Deep within their selves there is some darkness, somebody telling them to do it.
Yes, there is something (laughs).
Do you know anybody who had no OCD?
No. Everybody has got some type. Ideally, you want a routine to make you more consistent. You don't want OCD. I don't know, I am not a doctor, there is a bit of a grey area. I'd like a routine to keep your mind consistent. OCD is when you think, if I don't do this, something's gonna happen.
"I didn't do the OCD just when I hadn't scored runs. I also did it when I scored lots of runs and was feeling overconfident"
© PA Photos/Getty Images
"I didn't do the OCD just when I hadn't scored runs. I also did it when I scored lots of runs and was feeling overconfident" © PA Photos/Getty Images
Do you feel that as a coach, you can help players out with these things?
I'd obviously chat to the person to try to - not get rid of it, curtail it a little bit. You can't just get rid of them. I want you to keep your routines but I don't want you to become OCD. Where's the grey area? As long as it is not impacting someone else's game, and it is not distracting your team-mates, which you never really know. If someone ever came to me and told me, listen, you are distracting me, I would have probably curtailed it. That never happened.
The biggest thing for me is, you have to trust your game plan. Coming from me, it sounds a little wishy-washy, but if you trust your game plan…
I didn't do the OCD just when I hadn't scored runs, I also did it when I scored lots of runs and was feeling overconfident. You don't want to give that form away. I want another hundred. Another hundred. Another hundred. And then you put more pressure on yourself.
I learnt far too late in my career to trust your game plan.
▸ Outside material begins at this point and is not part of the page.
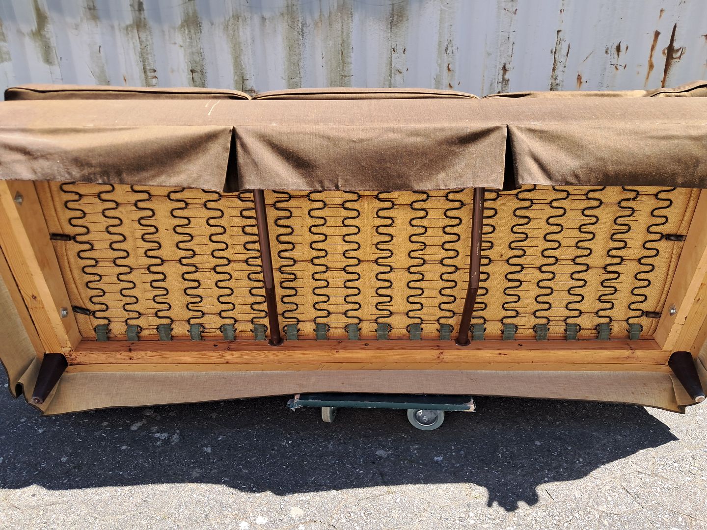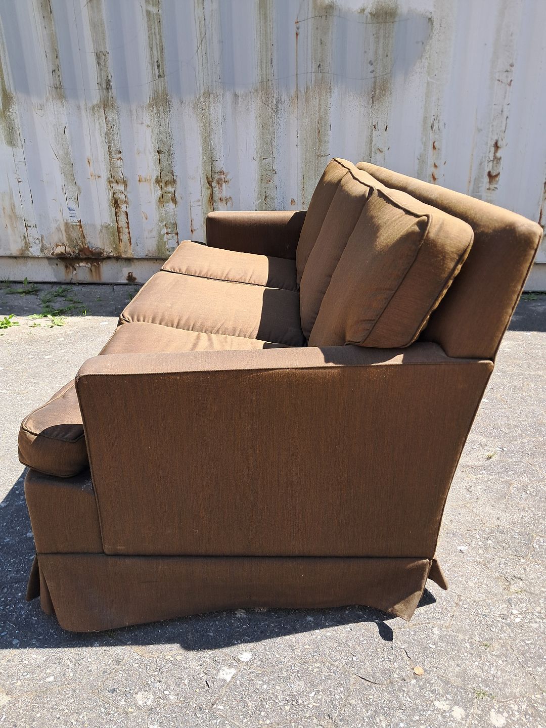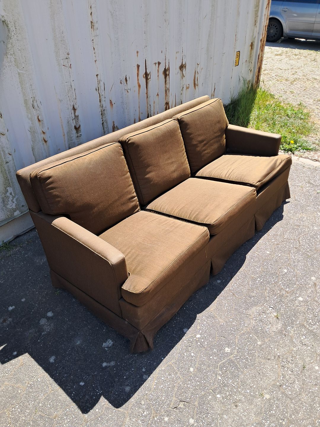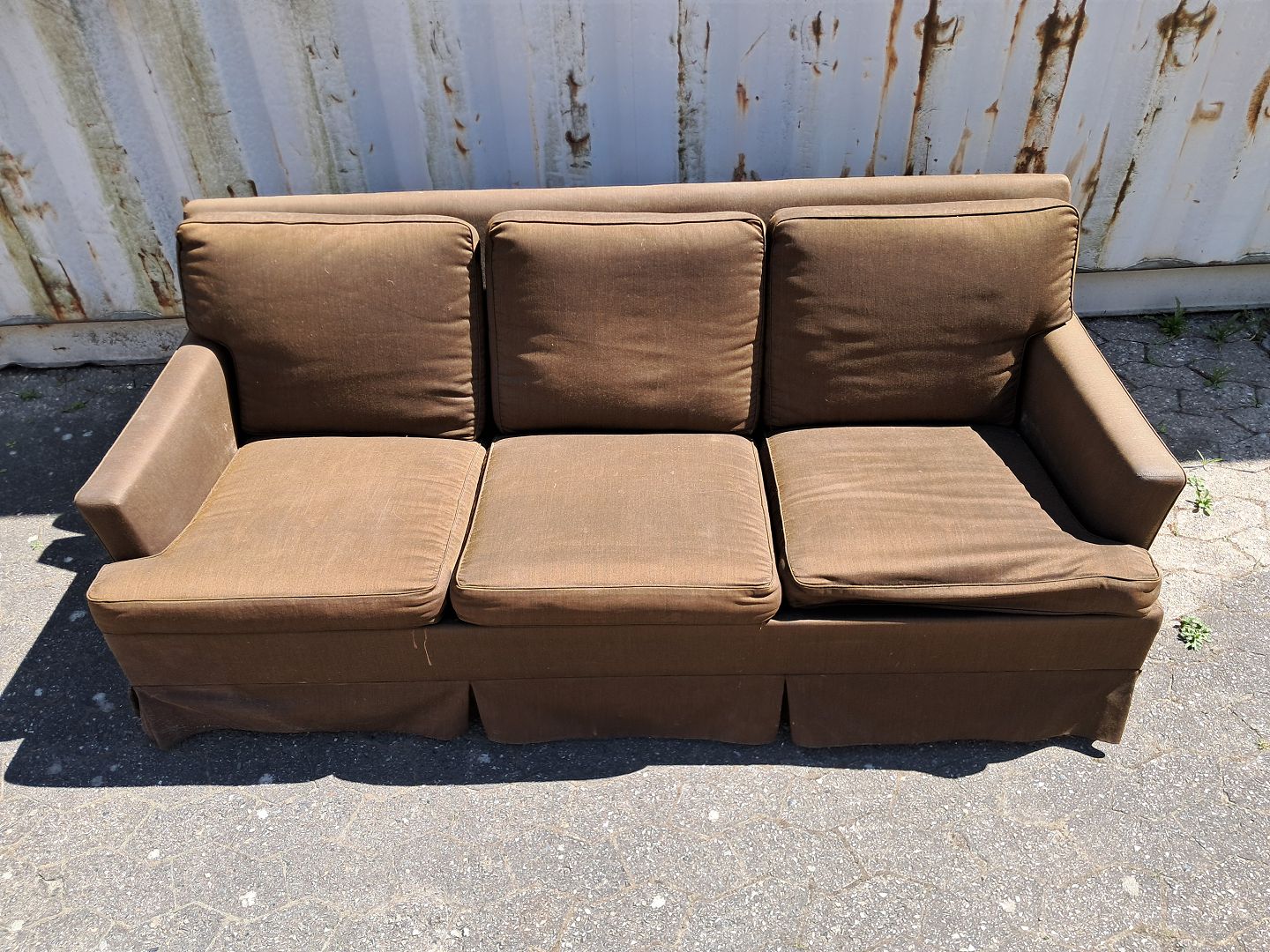 Sofa med stofbetræk, fra 1980erne. Den har brugsspor. Ryghøjde 71cm Sædehøjde 38cm Bredde 180cm Dybde 75cm Emne nummer: 76764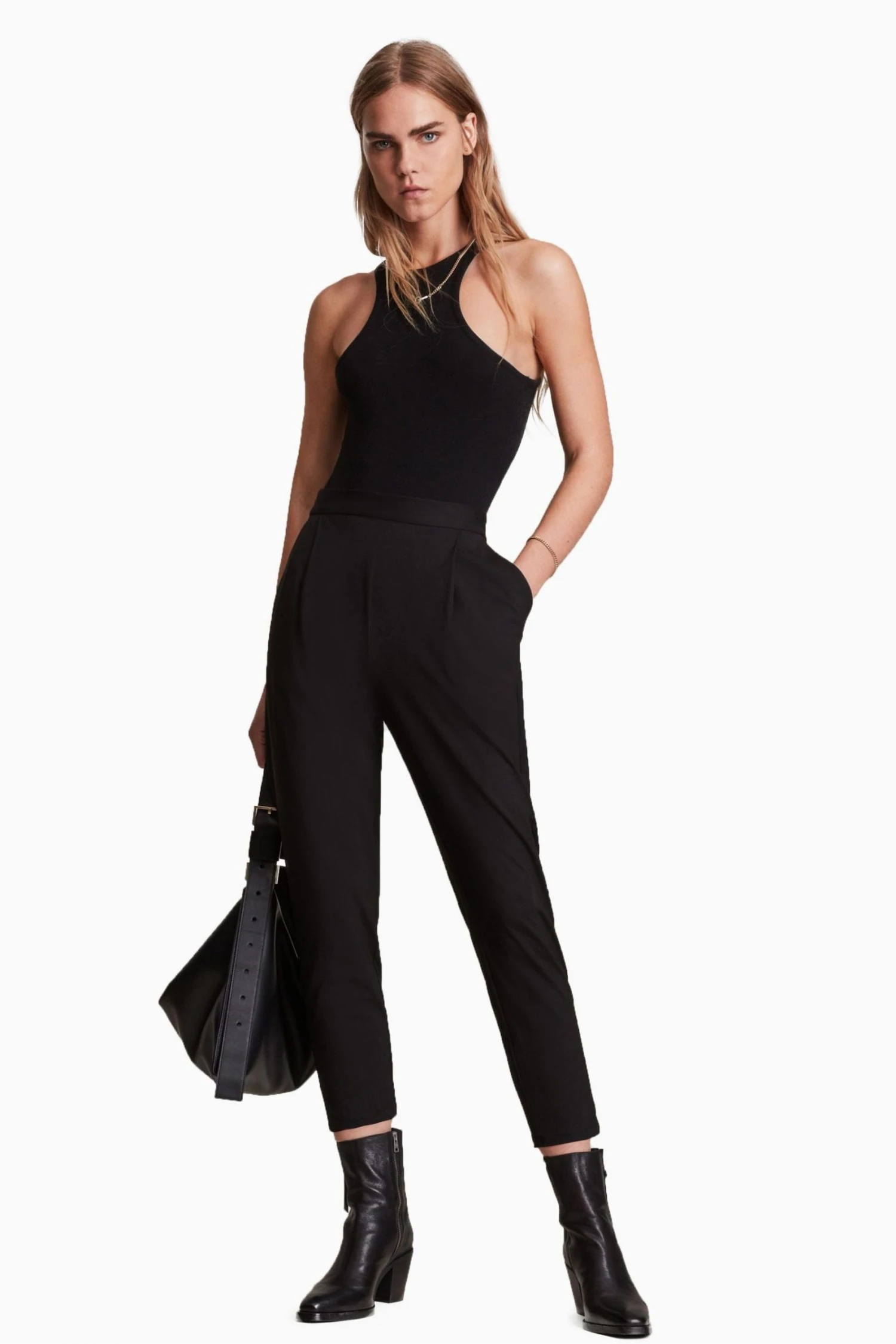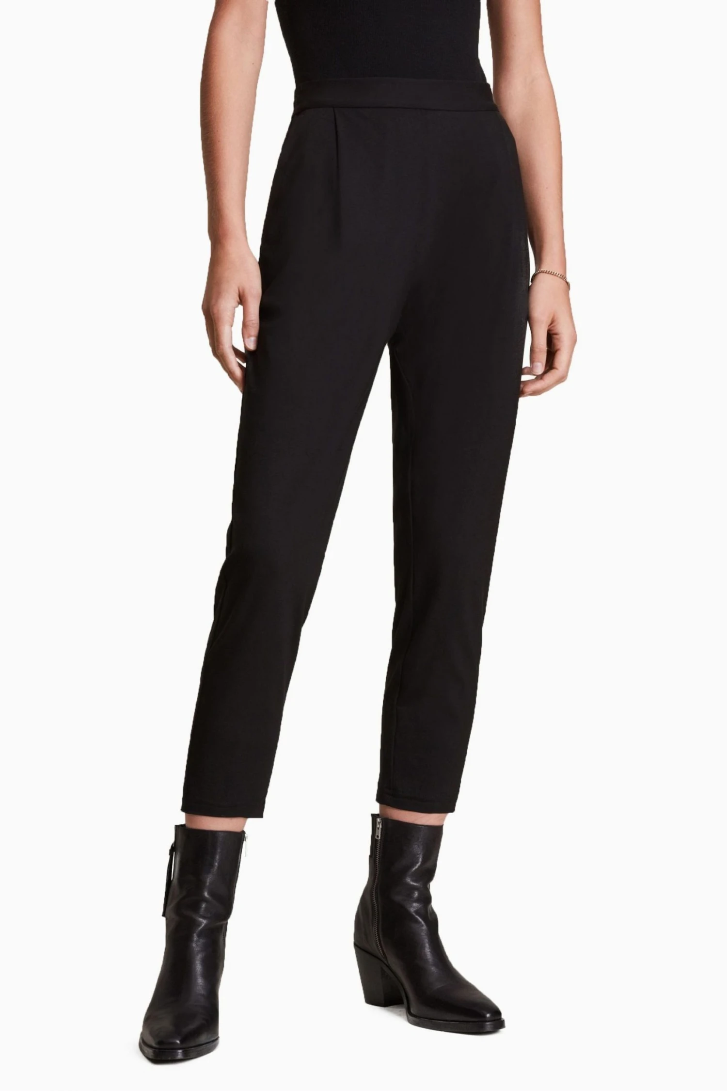 Featuring mid rise, two side pockets, two back pockets, elasticated waist band, fluid fabric and regular fit.

That's what I try to impart to the guys I coach, because I want them to learn from my mistakes. Know what you can and can't do in terms of shots. For that you need to practise everything to see what you can and can't do. But then get a game plan for a certain bowler - the guy spinning the ball in, the guy spinning the ball away. The best players in the world - their coaches know what they are going to do.
Whether you are overconfident or underconfident or if it is a semi-final or a final or a club game or a mess-around game, basically trust your game plan - that if a ball lands in that area, you play the same shot whether it is a block or a slog or a drive or whatever; whether it's a Monday or a Sunday; whether you are fighting with your girlfriend or not. When there is pressure, when there is all these other things, you trust your plans.